While the remaining wetlands are small and scattered, there’s still hope – new research shows that most of the original species may still survive.

Corn Belt. “We often look to other regions of the world as biodiversity hotspots but it is worth noting that some of the most heavily impacted regions – such as the Corn Belt – should not be written off as biodiversity wastelands,” said David Jenkins of the University of Illinois at Springfield.

In the mid-1800s, much of the Corn Belt – Iowa, Illinois, Indiana and Ohio – was tallgrass prairie that included extensive seasonal wetlands. For instance, ephemeral ponds used to cover about a fifth of Illinois (nearly 5 million acres) from roughly early spring to mid-summer.

By the mid-1900s, about 85 percent of these wetlands had been drained and converted to agriculture, which is similar to the rate of deforestation in tropical forests today.

The study. To assess the biodiversity of the Midwest’s remaining wetlands, Jenkins and his colleagues studied crustaceans in 13 ephemeral ponds near Bluff Springs, Ill.; the ponds were wide and shallow, 3 feet deep at most. They chose crustaceans because they are usually diverse and are important to these ecosystems.

The researchers sampled crustaceans from the ponds every week during the wet seasons of three years. Because there are no good records of the species that lived in Illinois’ wetlands historically, the researchers used their findings to extrapolate backwards and estimate how many crustacean species were there originally and how many have gone locally extinct.

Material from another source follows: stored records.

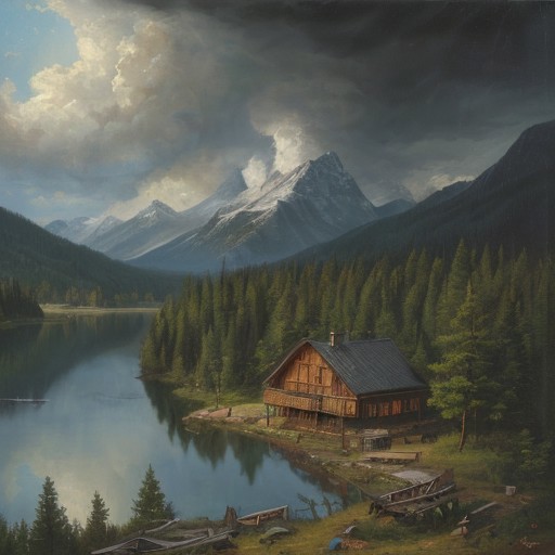 Masterpiece, high-resolution, oil painting, tall mountains, pine forest, log cabin, lake, large storm clouds in the distance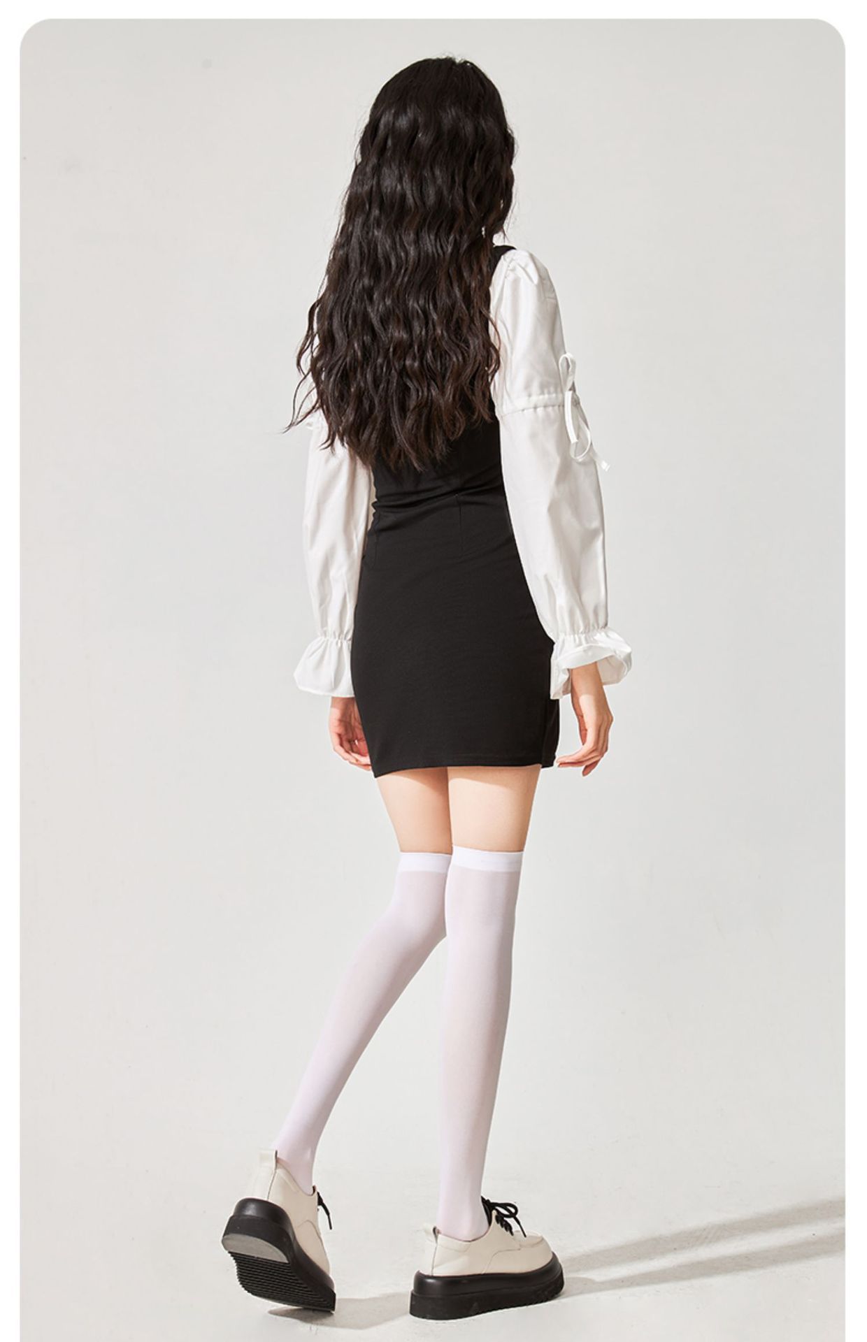 • 벨벳 무릎 양말-흰색 [약간 얇음]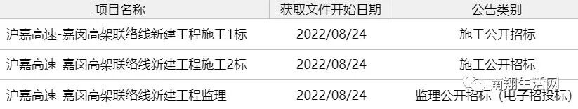 今日发布的沪嘉-嘉闵联络线相关招标文件共有三个,分别是施工1标和2标以及新建工程的监理标。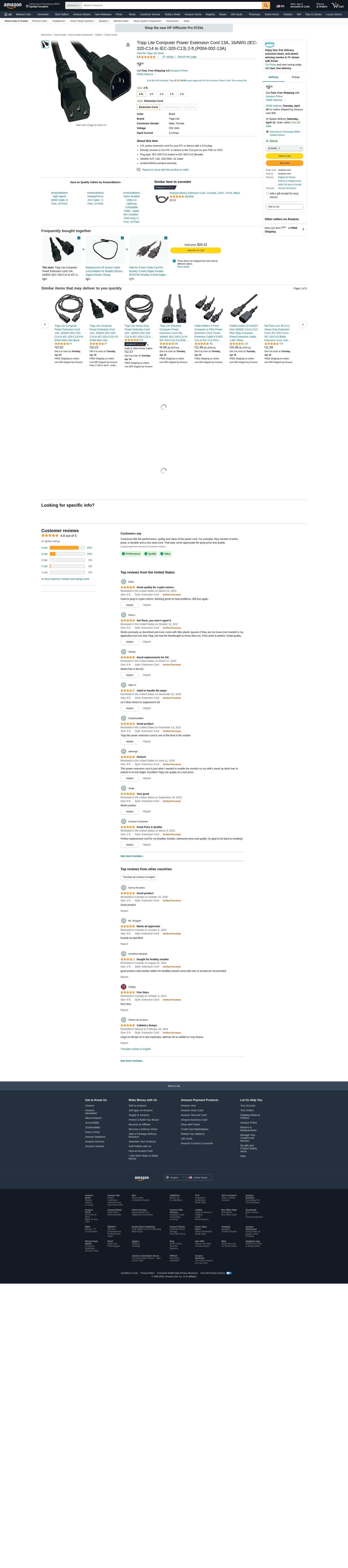Amazon.com: Tripp Lite Computer Power Extension Cord 13A, 16AWG (IEC-320-C14 to IEC-320-C13) 2-ft.(P004-002-13A)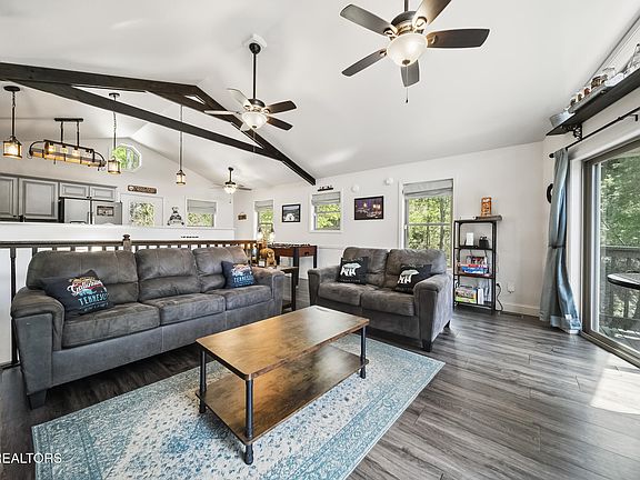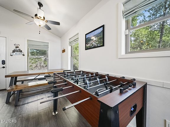 Step inside to find upscale finishes throughout, including luxury vinyl plank flooring, soaring ceilings, and expansive windows that flood the space with natural light and bring the outdoors in. The open-concept living area features a cozy gas fireplace and flows seamlessly into a stylish kitchen outfitted with like-new stainless steel appliances and granite countertops. Retreat to the elegant master suite, complete with a spa-like en suite bath showcasing a walk-in tiled shower and private access to the back deck—perfect for unwinding in the bubbling hot tub under the stars. Guests will love the dedicated gaming area, featuring foosball, arcade games, and more for hours of fun. Premium upgrades include durable Hardie board siding, composite decking for low-maintenance outdoor living, and even an EV charger for electric vehicles. Whether you're looking to expand your investment portfolio or enjoy your own mountain escape, this cabin offers style, comfort, and strong rental potential. **Make sure to check out the 3D virtual walkthrough and video!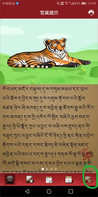 主要展示某一天的藏历相关信息,包括星期、星座、五行、吉凶等内容,点击右侧的“海螺”按钮就能进行语音播放。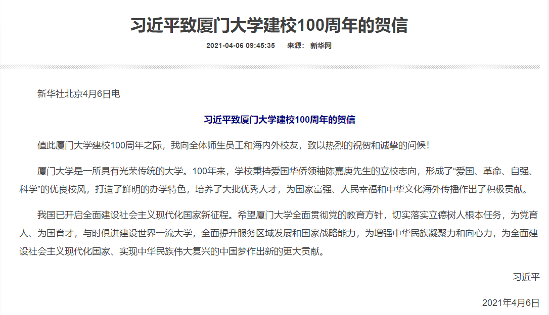 厦门大学建校100周年校庆日之际,中共中央总书记、国家主席、中央军委主席习近平4月6日致信祝贺厦门大学建校100周年,向全体师生员工和海内外校友致以热烈的祝贺和诚挚的问候。

These estimations were based on the fact that the number of species depends on how widely distributed they are. Jenkins and his colleagues found 33 crustacean species in the ponds they studied.

These included fairy shrimp, which are large (up to 1.5 inches), delicate and glide around on their backs; clam shrimp, which are dark brown, the size of a pencil eraser, and extremely active; and copepods, which are bright red and swarm in clouds below the surface of the water.

Conclusions. Extrapolating backward, the researchers estimate there were as many as 85 crustacean species in Illinois’ seasonal wetlands before they were drained. Similarly, the researchers estimate that 8-9 of the original crustacean species may have gone locally extinct.

Taken together, these findings suggest that 90 percent of the original crustacean diversity may still survive in the few remaining seasonal wetlands in Illinois. This means that despite the huge habitat losses, there could still be time to conserve most of the original species.

“Their existence will depend on our attention and action,” said Jenkins.